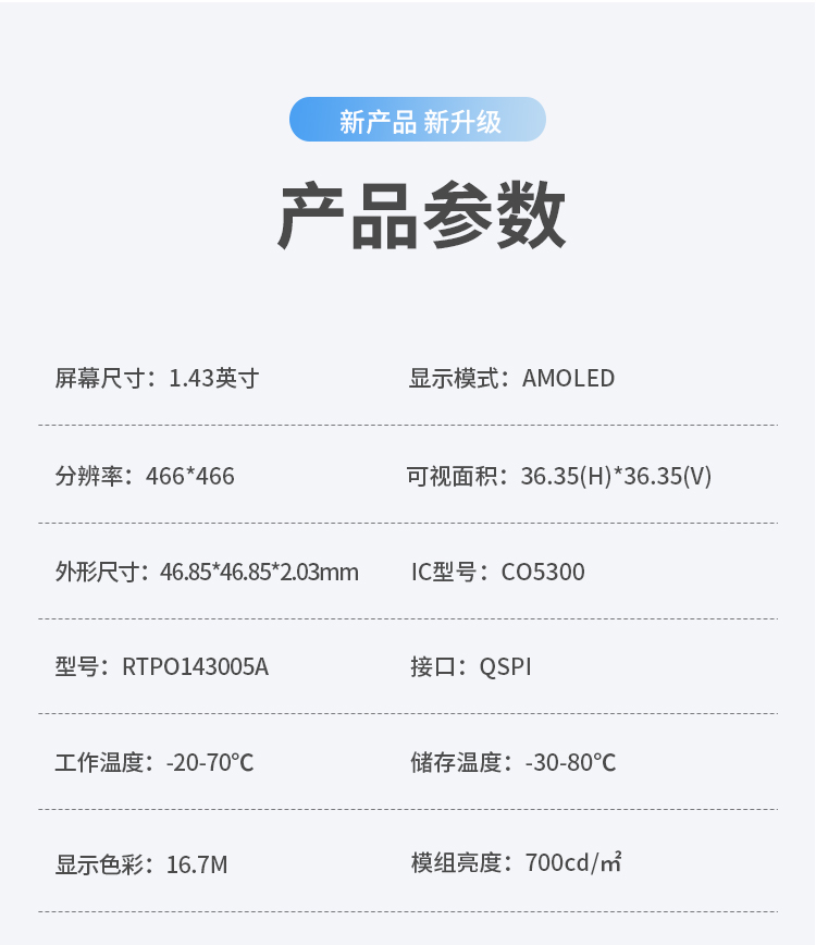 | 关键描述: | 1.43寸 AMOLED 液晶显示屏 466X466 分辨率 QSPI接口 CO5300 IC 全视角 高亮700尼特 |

==

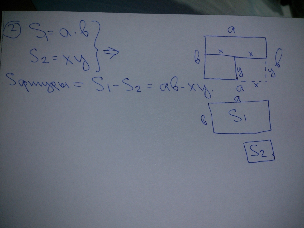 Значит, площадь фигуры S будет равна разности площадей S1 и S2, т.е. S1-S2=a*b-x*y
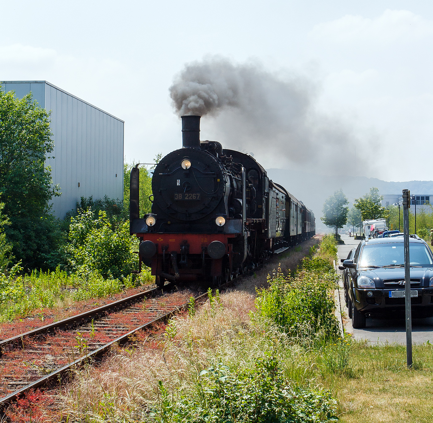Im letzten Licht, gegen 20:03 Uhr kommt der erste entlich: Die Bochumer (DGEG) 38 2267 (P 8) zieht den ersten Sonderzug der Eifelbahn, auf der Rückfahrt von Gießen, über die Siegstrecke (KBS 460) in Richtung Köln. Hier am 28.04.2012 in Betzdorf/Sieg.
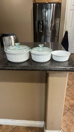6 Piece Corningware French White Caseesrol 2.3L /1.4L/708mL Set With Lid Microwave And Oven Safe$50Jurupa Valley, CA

#### Brief:
Using the data above, which lines fall from the one with "Значит, площадь фигуры" through the one with "6 Piece Corningware"? Repeat them exactly, ends included, minus any pictures.

#### Answer to the exercise:
 Значит, площадь фигуры S будет равна разности площадей S1 и S2, т.е. S1-S2=a*b-x*y
Im letzten Licht, gegen 20:03 Uhr kommt der erste entlich: Die Bochumer (DGEG) 38 2267 (P 8) zieht den ersten Sonderzug der Eifelbahn, auf der Rückfahrt von Gießen, über die Siegstrecke (KBS 460) in Richtung Köln. Hier am 28.04.2012 in Betzdorf/Sieg.
6 Piece Corningware French White Caseesrol 2.3L /1.4L/708mL Set With Lid Microwave And Oven Safe$50Jurupa Valley, CA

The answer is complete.